Centralized SAN's are characterized by consolidation of information into a single point of control while allowing the application/host resources to be distributed as necessary throughout the enterprise. One goal that should be kept in mind is to provide the ability to access any information to any application both in the original implementation and maintaining that ability as the environment grows and changes. If the environment is small enough, this can be achieved, at least initially, through a single-tier architecture as depicted below.

The specific number of host and storage ports will determine if a switch or director will be required (directors can support larger numbers of host and storage connections due to the sheer quantity of ports they carry). In order to account for future growth (addition of hosts and storage to the fabric), unused or open switch or director ports need to be provided.

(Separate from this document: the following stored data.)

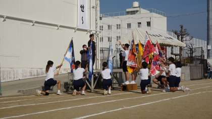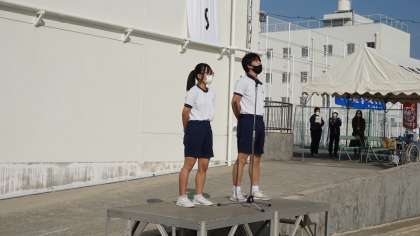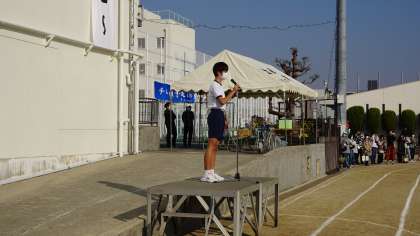 開会宣言を受けて、校歌斉唱ならびに校旗掲揚の後、選手宣誓、競技上の注意と開会式が進行していきます。
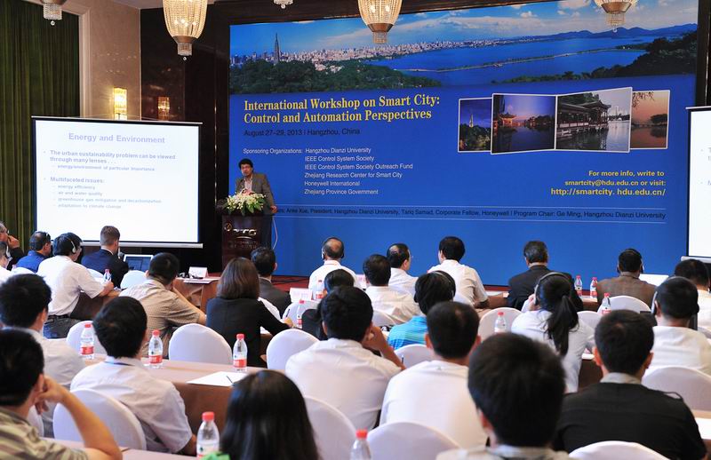 8月27日至29日,由我校主办、我校自动化学院承办的“智慧城市国际会议”在浙江宾馆召开。IEEE 控制系统协会(CSS)、IEEE 控制系统Outreach基金、国家自然科学基金委员会、霍尼韦尔(国际)和教育部检测与自动化技术工程研究中心等单位代表,杭电浙江省智慧城市研究中心相关人员以及我校自动化学院等学院师生代表参会。我校校长薛安克、霍尼韦尔集团院士塔里克·萨马德出席并致辞,会议由我校特聘教授葛铭主持。
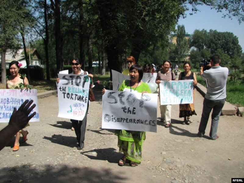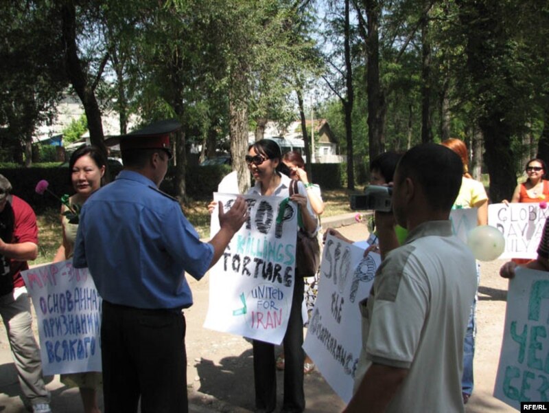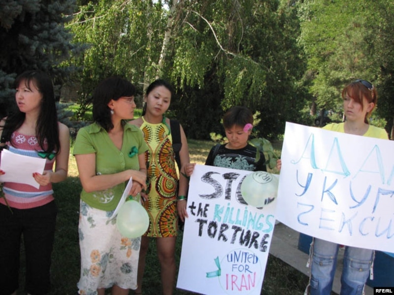 Бишкектеги Максим Горькийдин эстелигинин жанында бир катар укук коргоочулар, жаштар, журналисттер Ирандагы президенттик шайлоодон кийинки тополоңдо камалышкан 4 миңден ашуун элдин, 40тан ашуун журналисттердин камалышына нааразылык билдиришип, ал жерде адам укуктарынын сакталышына Бириккен Улуттар Уюмун кийлигишүүгө чакырды. Кыргызстандык укук коргоочулар колдоруна “Иранда миңдеген адам жабыркады, унчукпай коюуу - эркиндикти тебелөө”, “Адам укугу чексиз”, “Биз эркиндик, теңдик, боордоштук үчүн!” деген жазуусу бар плакаттарды кармап турушту.
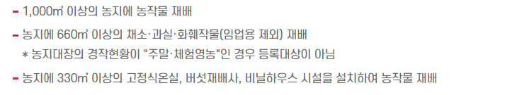 지금부터 안내해드리는 아래 요건을 충족함과 동시에 재배 품목이나 사육 규모 등이 현장확인이 가능한 시점에 신청할 수 있습니다.
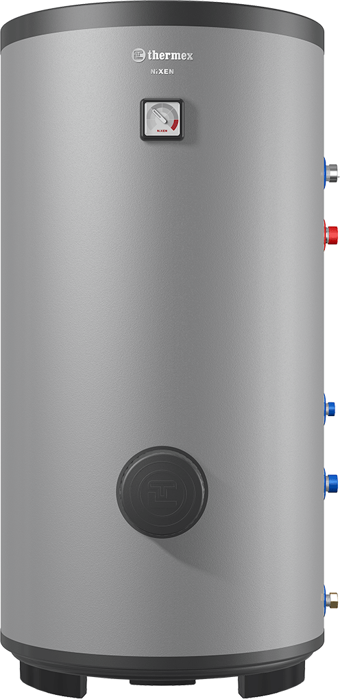 - Один водонагреватель – два варианта нагрева. Водонагреватель косвенного нагрева Nixen осуществляет нагрев за счет тепла системы отопления. Внутри установлен теплообменник из нержавеющей стали: модели объемом 150 и 200 литров оснащены теплообменниками мощностью 17 000 Вт, 250 литров – 19 000 Вт и 300 литров – 24 000 Вт. Дополнительно можно установить нагревательный элемент мощностью 6 000 Вт, а также панель управления. Таким образом, Thermex Nixen можно эксплуатировать как водонагреватель с косвенным нагревом или превратить его в бойлер комбинированного типа.
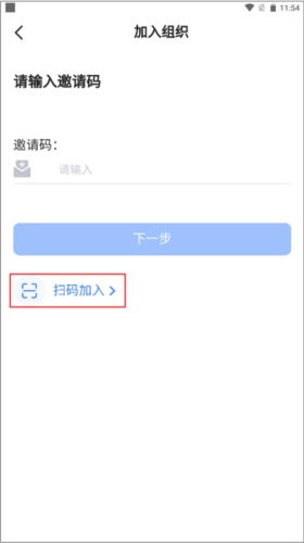 2、有两种加入组织的方式,一种是输入邀请码,一种是扫码加入,选择第二种。
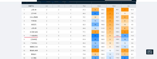 第三支球队:广州男篮广州队的进步是防守更有体系了。上赛季常规赛,广州男篮的百回合失分数为117.2分,联盟第五高。
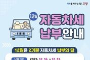 (시사미래신문) 고양특례시 일산동구는 2025년 제2기분 자동차세 총 69,572건, 약 115억 원을 부과하고, 지난 12일 고지서를 발송했다고 밝혔다. 자동차세 납부 대상은 2025년 12월 1일 기준 차량 소유자(자동차·이륜차·기계 장비 등)로, 차량 운행 여부와 관계없이 자동차등록원부상 명의자에게 부과된다. 자동차세는 후납 방식으로 올해 7월 1일부터 12월 31일까지의 자동차 보유기간에 따라 일할 계산돼 부과된다. 납부 기한은 12월 16일부터 31일까지이며 위택스, 지로, ARS(142211), 전국 은행 ATM(신용카드·현금카드·통장), 가상계좌번호 및 지방세입 계좌 등 다양한 방법으로 편리하게 납부 가능하다. 구 관계자는 “자동차세 납세 의무자는 체납으로 인한 불이익을 받지 않도록 기한 내 납부해 주길 바란다”고 말했다.
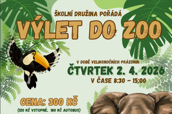 Ve čtvrtek 2. 4. 2026 (velikonoční prázdniny) pořádáme pro zájemce z řad družinových dětí výlet do Zoo Ostrava.
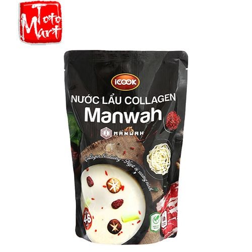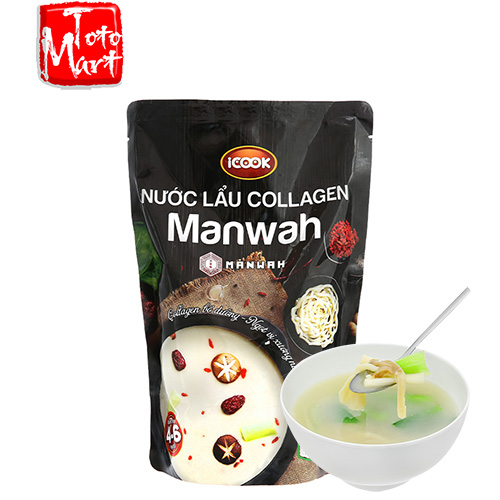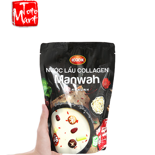 Nước lẩu Icook là loại sản phẩm làm sẵn ăn liền vô cùng tiện dụng, với thành phần thơm ngon tự nhiên, phù hợp nhiều đối tượng khách hàng. Nước lẩu Collagen Manwah Icook gói 1kg sản phẩm nước lẩu đông lạnh nêm nếm đậm đà cực ngon, chế biến nhanh chóng, tiết kiệm nhiều thời gian.
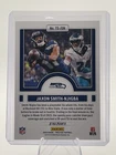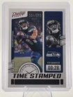 The product is a Jaxon Smith-Njigba 2024 Panini Prestige Time Stamped trading card featuring a red parallel variety with a limited print run of 399 copies. The card is in near mint or better condition and is an original Panini release. It is an insert card from the 2024 football season, specifically for the Seattle Seahawks team, showcasing the player's image and details on a unique time-stamped design.
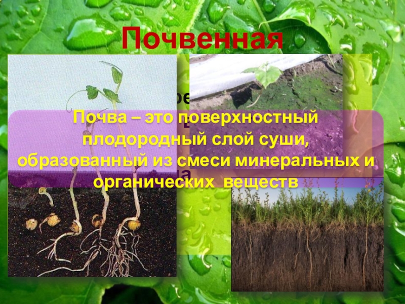 – это поверхностный плодородный слой суши, образованный из смеси минеральных и органических веществ
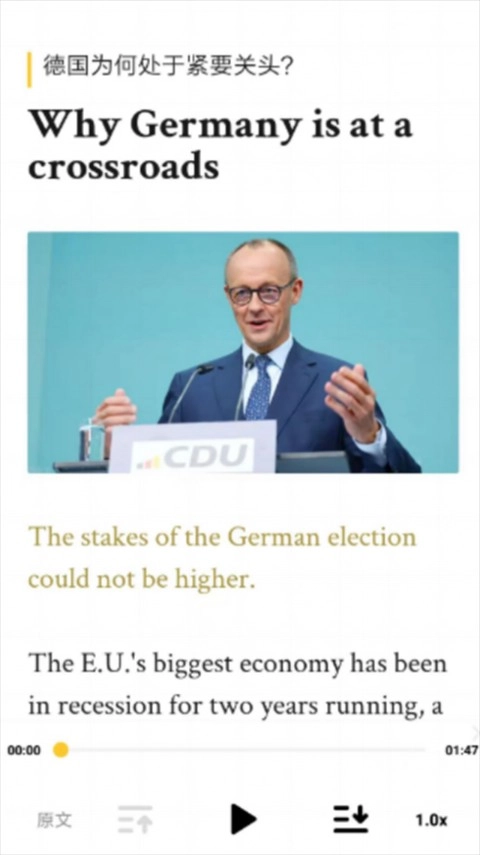 文章选自全球知名外刊和权威媒体,这些文章不仅语言规范,还带有浓厚的西方文化背景,帮助用户在学习英语的同时,还能深入了解西方文化和社会动态。
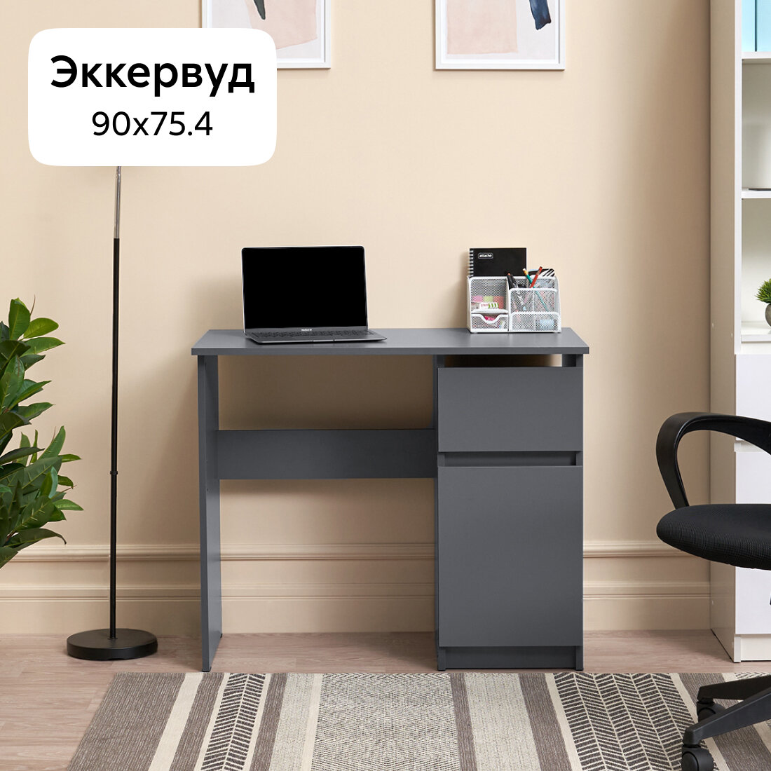 Купить Стол письменный с тумбой Нонтон Эккервуд, графит серый, 90x50x75.4 см
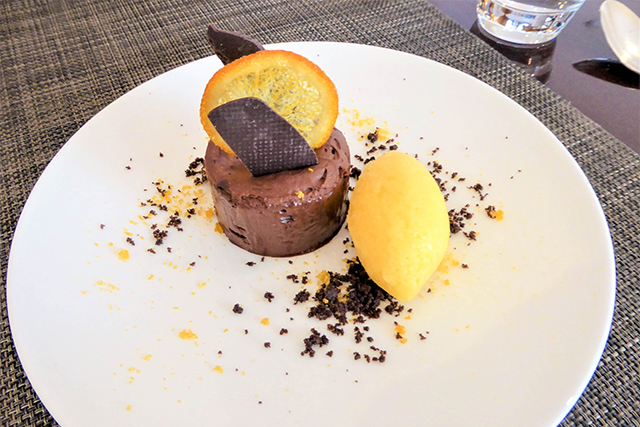 All of the dessert options were unbelievably tempting, but self control (unfortunately) kicked in. For chocolate lovers out there, the Valrhona mousse is a superb choice, and can be served with either cherry or mandarin sorbet (I went for mandarin). Its smooth, thick consistency is spot-on for hitting your sweet tooth without being too rich or sickly, and a sprinkling of biscuit crumbs adds a touch of crunch. The pressed apple and elderflower crumble was not the traditional type but no less delectable – the small tower of beautifully soft and subtly sweet poached fruit was topped with a generous sprinkling of toasted hazelnut crumbs and accompanied by a zingy blackberry sorbet.
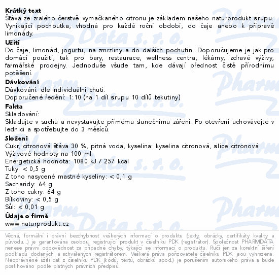 Šťáva ze zralého čerstvě vymačkaného citronu je základem našeho naturprodukt sirupu. Vynikající pochoutka, vhodná pro každé roční období, do čaje anebo k přípravě limonády.Použití
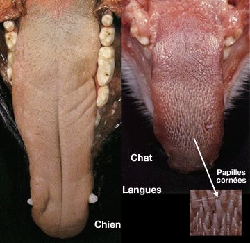 Chez le chat, la langue est plus courte et plus large, proportionnellement. Elle est plate, dépourvue de sillon central.
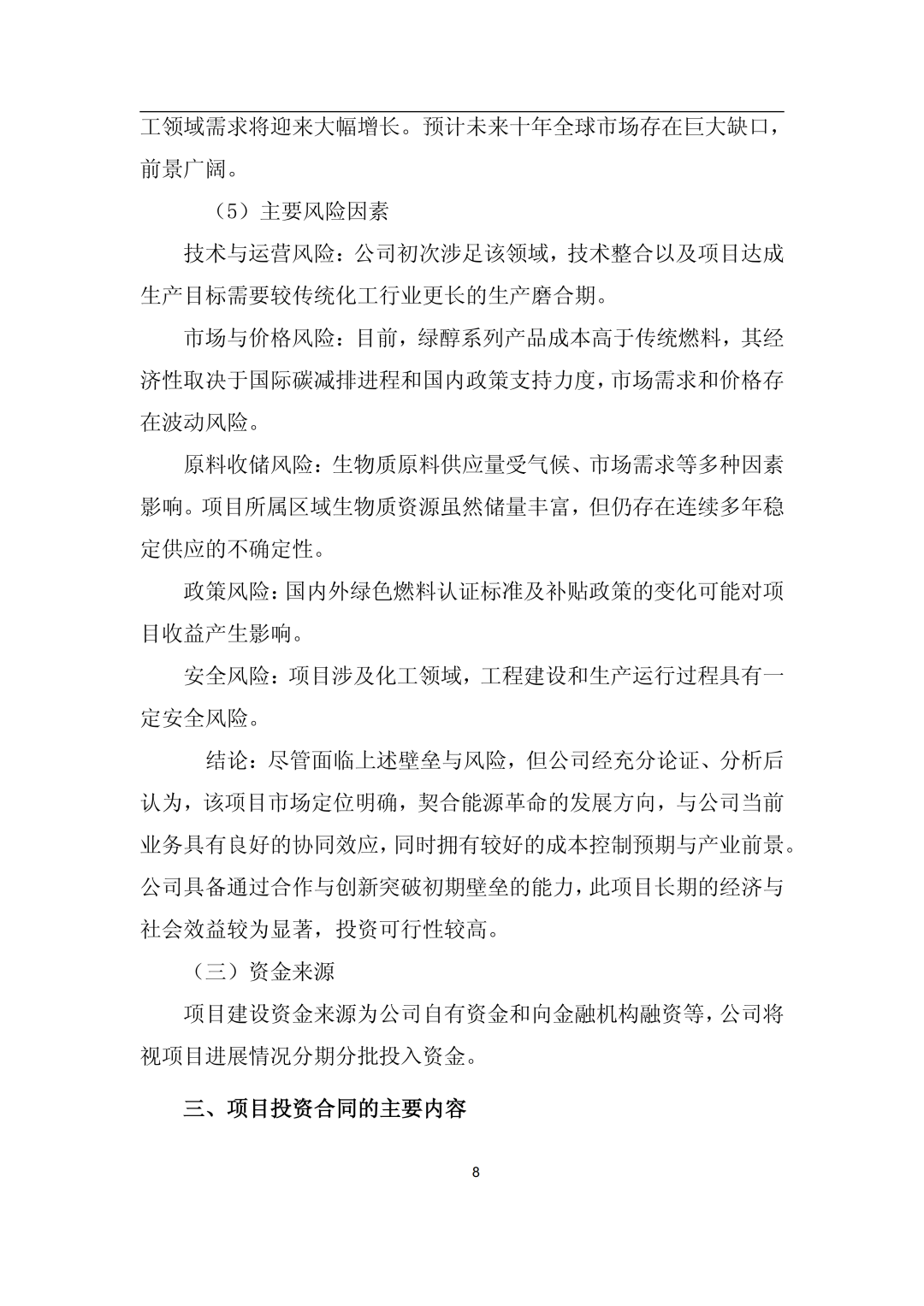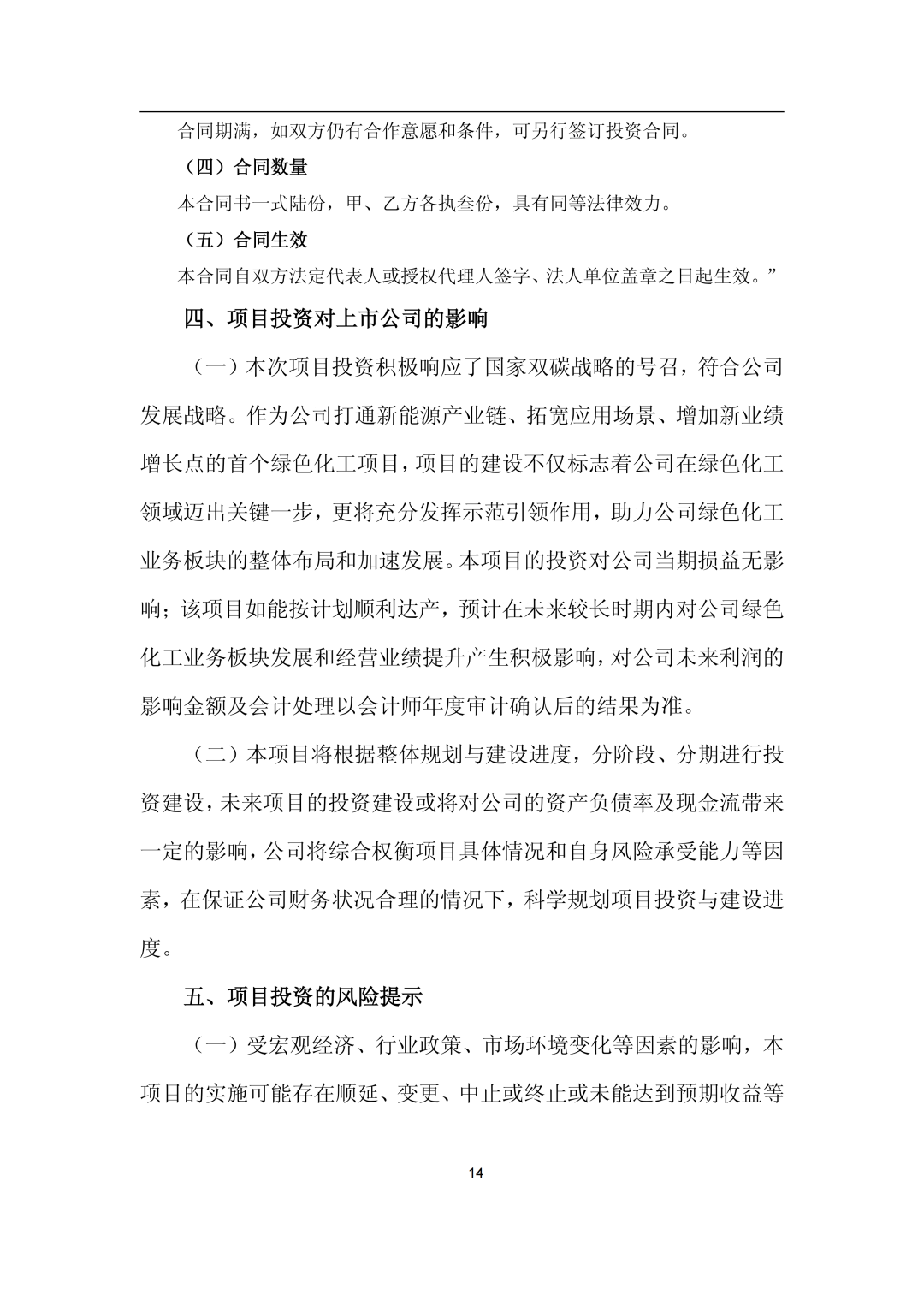 其中:一期项目计划2025-2027年投资建设,达到24万吨/年绿色甲醇、8万吨/年绿色乙醇或5万吨绿色航煤产能规模;二期项目视一期项目经营状况、产品市场开拓情况适时投资建设。

For instance, consider an initial environment with 10 dually connected hosts (20 fabric ports required) and a single storage array with 5 connections (5 fabric ports). This would require 25 fabric ports and could be implemented using a single 25 or even 32 port director. However, if we want to allow for 10 additional hosts and an additional storage array to be connected, we would need 25 additional ports in the future. And more importantly require these additional hosts to access the original storage array and the original hosts to access the new storage array.

In order to accomplish this, we would need an implementation using 2 directors, initially deployed with 12-16 ports each, but with a capacity for up to a total of 64, while still maintaining the "universal access" design goal.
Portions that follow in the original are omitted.